Covalent Inhibition of Thioredoxin Reductase by Michael Acceptors: Rational Design, Synthesis, and Biological Evaluation of Oxazol-5(4H)-one Derivatives

Thioredoxin reductase 1 (TrxR1) is a key enzyme involved in maintaining redox homeostasis in cancer cells and is considered a promising target for anticancer drug development. This study aimed to rationally design, synthesize, and evaluate a novel series of oxazol-5(4H)-one derivatives as potent and selective inhibitors of TrxR1.

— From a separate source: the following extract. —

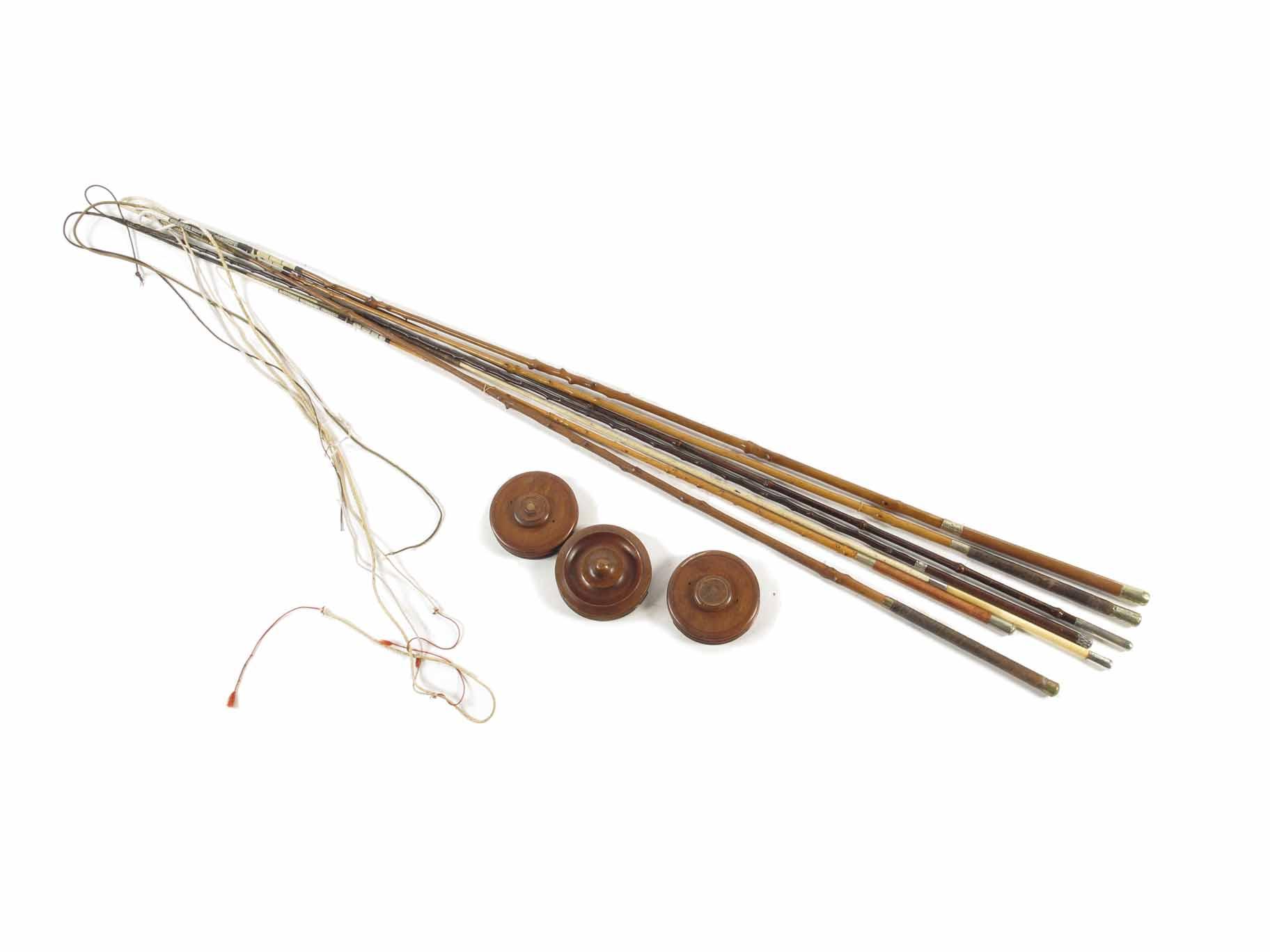 Seven coaching whips, in various woods with plated silver, brass and nickel mounts, one stamped 'Waine', one 'London' hallmarked 1878, another 1897, approx 68in (173cm) l, together with three turned mahogany whip reels. (10)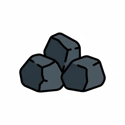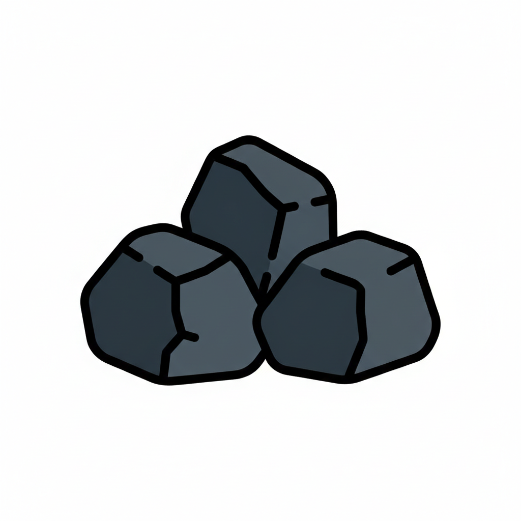 Drei stilisierte, dunkle Kohle- oder Gesteinsbrocken mit schwarzem Umriss auf weißem Grund.

The design process was initiated by screening a commercial library of oxazolones, which informed the construction of a QSAR model. Guided by molecular docking studies against the TrxR1 catalytic site (PDB: 3EAN), a focused library of 18 target 4-benzylidene-oxazol-5(4H)-ones was synthesized via a multicomponent reaction using substituted hippuric acids and aromatic aldehydes. The inhibitory activity against TrxR1 and the off-target enzyme glutathione reductase (GR) was determined using a DTNB assay on A549 cell lysates. Cytotoxicity was evaluated against a panel of human cancer cell lines (A549, SHSY5Y, U251, and HELA) and normal HEK293T cells using an MTT assay. The mechanism of action was further investigated through immunoblotting analysis.

Several compounds demonstrated potent and selective TrxR1 inhibition. Lead compounds 1i, 1o, and 1s exhibited significant TrxR1 inhibition (over 50% at 25 µM) with low activity against GR. The IC₅₀ values for TrxR1 inhibition were in the nanomolar range (0.25 nM for 1i, 19.7 nM for 1o, and 4.2 nM for 1s). These compounds also showed pronounced cytotoxicity against cancer cells, with compound 1i being the most active against U251 glioblastoma cells (IC₅₀ = 12.58 µM) and demonstrating selectivity over normal cells. Immunoblotting analysis confirmed that inhibitors containing dual Michael acceptor motifs (e.g., 1q–s) induced the formation of covalent TrxR1 dimers, indicative of a unique mechanism of action.

The results validate our rational design strategy, highlighting the critical role of the Michael acceptor warhead and the oxazolone core in effective TrxR1 binding and inhibition. The high selectivity for TrxR1 over GR and the observed cytotoxic selectivity toward cancer cells underscore the therapeutic potential of this compound class. The discovery of TrxR1 dimerization provides a novel mechanism for irreversible enzyme inhibition.

A new series of oxazol-5(4H)-one derivatives was successfully developed as highly potent and selective TrxR1 inhibitors. The lead compounds 1i, 1o, and 1s showed promising anticancer activity in vitro, coupled with a favorable selectivity profile. This work not only establishes a robust structure–activity relationship but also introduces a rational strategy for designing novel TrxR1-targeted antitumor agents, supported by the discovery of a dimerization-based inhibition mechanism.